If we follow Dagmar Schreibers collected information about the position of enviroment protectoin we can understand, that there are many fields the ecological movement in kazakhstan in the future has to deal with. First of all there should be constructed a room for a dialogue and the turn to a cultural-ecological Discourse which enables the creation of specific oases in the cities and the metropole of Kazakhstan. Places like insect hotels, lagoons for frogs and dragonflies and incubators for birds and their children can be constructed, diversity discourses can be introduces and in international communication that engages for climate protection can be started. There are several ways to overcome the individual voicelessness.
The preservation of creation can also mean going backward to the roots and here an understanding of ones history is very essential. The reanimation of memory is a process in which not only textes, but also sounds in closely interaction with the textes play a role. Memory means not only the conservation oft he past but also an openminded attitude towards the future. And here not the rush into a unkown future is the key, but an abidance in the moment as celebrating the waiting for the future. The meditative escape into poetry can help. The following poem, written by Ajgerim Tazhi and translated by J. Kates, shows that the present can really be like a cloude with a collapsing sky underneath, but it’s our decision how we accept this situation:
„You are standing in the edge of a cloud,
underneath
the sky collapses, ruining the skyline.
In the depth of field the ocean ebbs
Into a narrow aperture.
From the opening something whistles.
In the frame a room out of focus.
Offstage a clown is laughing.“[3]
Naurzbaev, Kh. I., and Mendikulov, M.M. Monument to Džambul Džabaev. 1971 Alma-Ata
Let’s return to the poetical or mythological landscape and have a view in „Kara Žoldos“ again. The young pilgrim starts his way with two woolves, carrying for him, on his site. His father blesses him before his son leafes the house and speaks about the force of the ancestors who are still present in the memory of the family: „Pust‘ doroga tvoja budet svetloj! Pust‘ vysokie duhi svjaššenyh predkov oberegajut i podderživajut tebja v stranstvijah!“ (Momyšuly/Serebrjanskij, Kara Žoldos, p. 18) During the way through the desert one of the woolves, the female one, speaks about the power of the holy one, who is above all, she calls him „the great Dangru“. (p. 19)

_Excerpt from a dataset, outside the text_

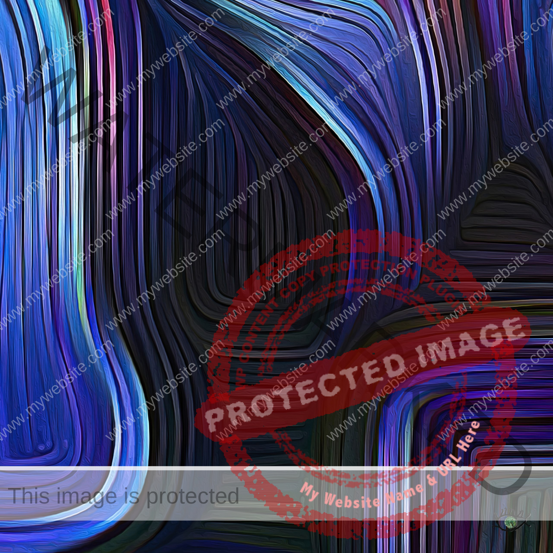 This serie is called SQUARED TEXTURED BLEU-VIOLET because it’s composed by 6 unique contemporary digital paintings with a 100 x 100 cm format. If you look closely this artwork, you will see that each one of the living lines that intertwine in this painting changes is color at least one time before ending.

The fragments of the landscape become fragments of memory. The wandering of Kara Žoldos is though of a spiritual nature. He does not need to flee from one side to another, but he is part of a mythological nature, a figure in the centre of ghosts, gods and speaking animals. Momyšuly and Serebrjanski create a mythological narrative that feed the reader with moral attitudes towards our nature. We can reflect our nature from a caleidoscopic view, but in a quite demure way.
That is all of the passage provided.